* _Work task_
Images do not belong in the copy. Retype all the entries below exactly.

──────── Dataset records

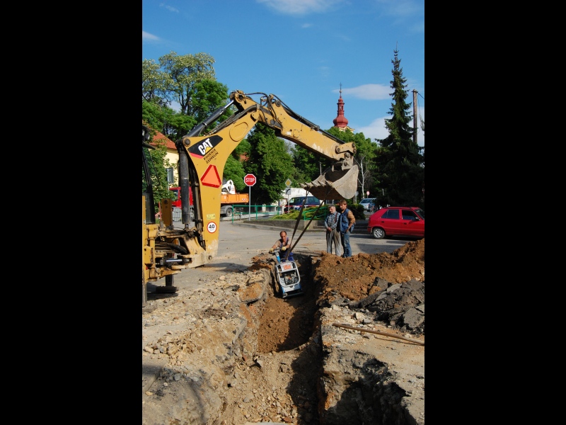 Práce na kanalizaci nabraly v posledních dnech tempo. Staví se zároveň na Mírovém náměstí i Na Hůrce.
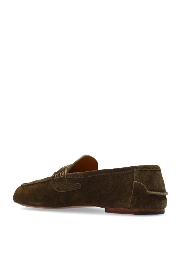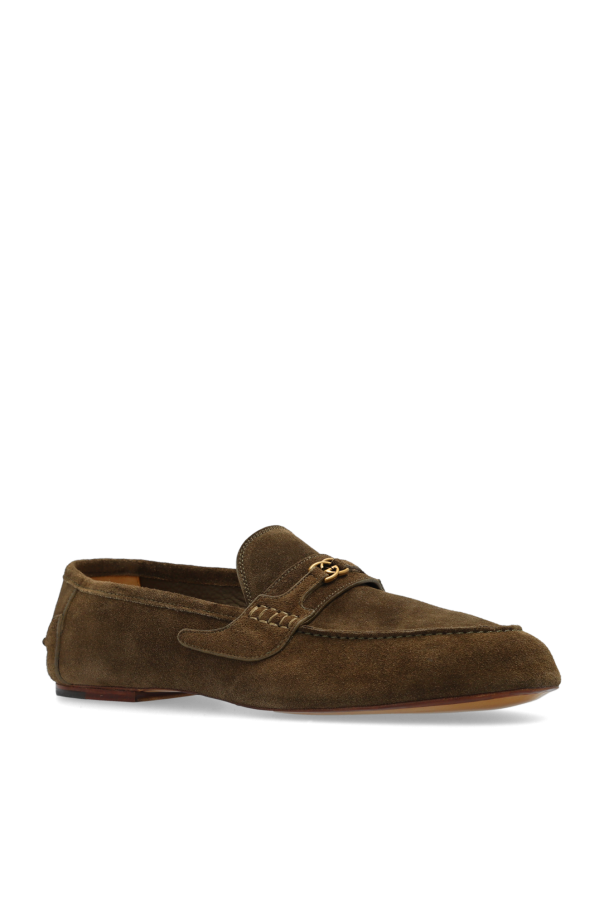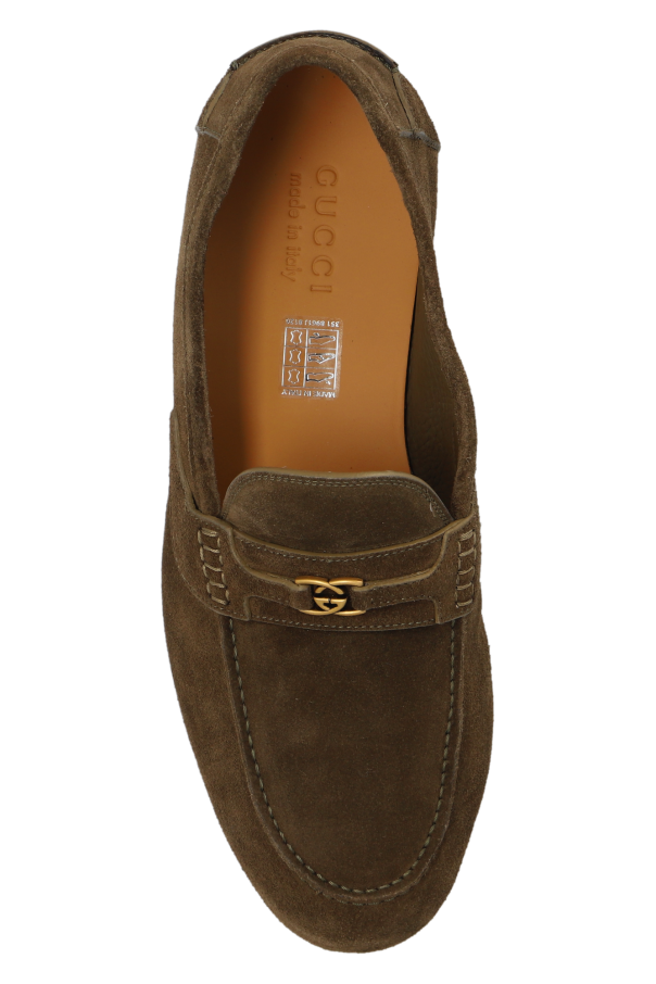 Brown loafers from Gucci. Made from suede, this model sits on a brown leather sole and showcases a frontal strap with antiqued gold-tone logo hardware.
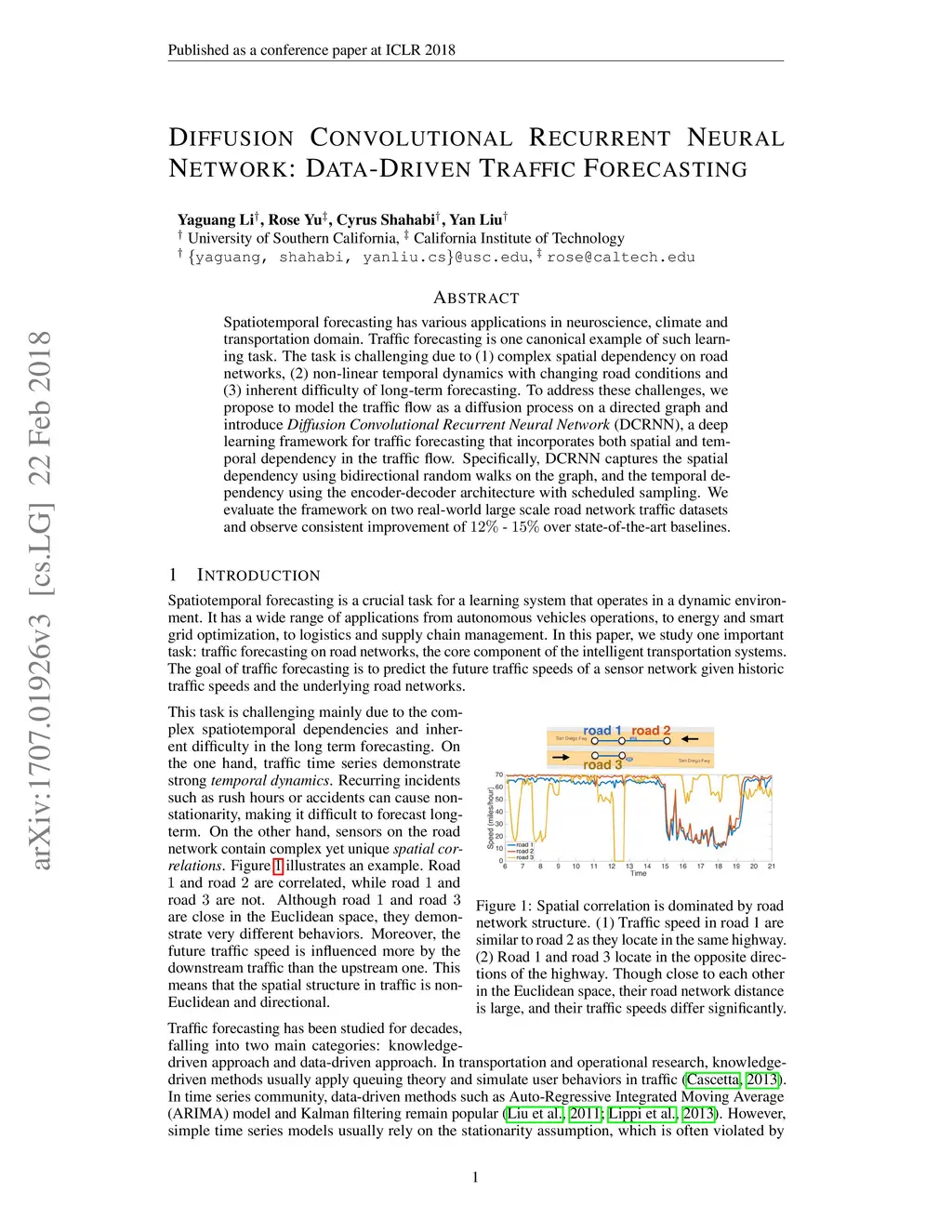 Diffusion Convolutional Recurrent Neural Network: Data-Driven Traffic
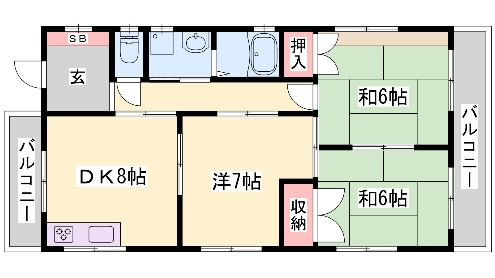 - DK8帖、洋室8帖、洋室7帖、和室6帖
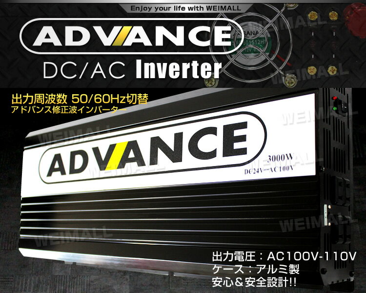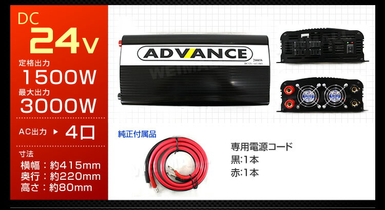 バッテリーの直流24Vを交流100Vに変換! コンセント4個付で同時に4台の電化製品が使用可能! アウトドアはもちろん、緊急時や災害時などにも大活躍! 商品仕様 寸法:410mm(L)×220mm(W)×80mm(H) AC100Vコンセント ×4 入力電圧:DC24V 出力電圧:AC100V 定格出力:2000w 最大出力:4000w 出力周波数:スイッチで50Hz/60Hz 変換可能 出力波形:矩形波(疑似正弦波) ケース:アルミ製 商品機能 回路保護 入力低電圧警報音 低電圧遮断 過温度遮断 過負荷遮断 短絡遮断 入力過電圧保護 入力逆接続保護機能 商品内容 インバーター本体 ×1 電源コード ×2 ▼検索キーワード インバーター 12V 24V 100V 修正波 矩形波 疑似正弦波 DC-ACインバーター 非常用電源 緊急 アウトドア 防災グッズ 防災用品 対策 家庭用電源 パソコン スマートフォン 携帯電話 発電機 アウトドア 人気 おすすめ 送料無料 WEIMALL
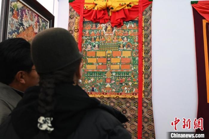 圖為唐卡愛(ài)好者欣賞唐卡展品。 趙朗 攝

────────────────

* _Output for this task_
 Práce na kanalizaci nabraly v posledních dnech tempo. Staví se zároveň na Mírovém náměstí i Na Hůrce.
 Brown loafers from Gucci. Made from suede, this model sits on a brown leather sole and showcases a frontal strap with antiqued gold-tone logo hardware.
 Diffusion Convolutional Recurrent Neural Network: Data-Driven Traffic
 - DK8帖、洋室8帖、洋室7帖、和室6帖
 バッテリーの直流24Vを交流100Vに変換! コンセント4個付で同時に4台の電化製品が使用可能! アウトドアはもちろん、緊急時や災害時などにも大活躍! 商品仕様 寸法:410mm(L)×220mm(W)×80mm(H) AC100Vコンセント ×4 入力電圧:DC24V 出力電圧:AC100V 定格出力:2000w 最大出力:4000w 出力周波数:スイッチで50Hz/60Hz 変換可能 出力波形:矩形波(疑似正弦波) ケース:アルミ製 商品機能 回路保護 入力低電圧警報音 低電圧遮断 過温度遮断 過負荷遮断 短絡遮断 入力過電圧保護 入力逆接続保護機能 商品内容 インバーター本体 ×1 電源コード ×2 ▼検索キーワード インバーター 12V 24V 100V 修正波 矩形波 疑似正弦波 DC-ACインバーター 非常用電源 緊急 アウトドア 防災グッズ 防災用品 対策 家庭用電源 パソコン スマートフォン 携帯電話 発電機 アウトドア 人気 おすすめ 送料無料 WEIMALL
 圖為唐卡愛(ài)好者欣賞唐卡展品。 趙朗 攝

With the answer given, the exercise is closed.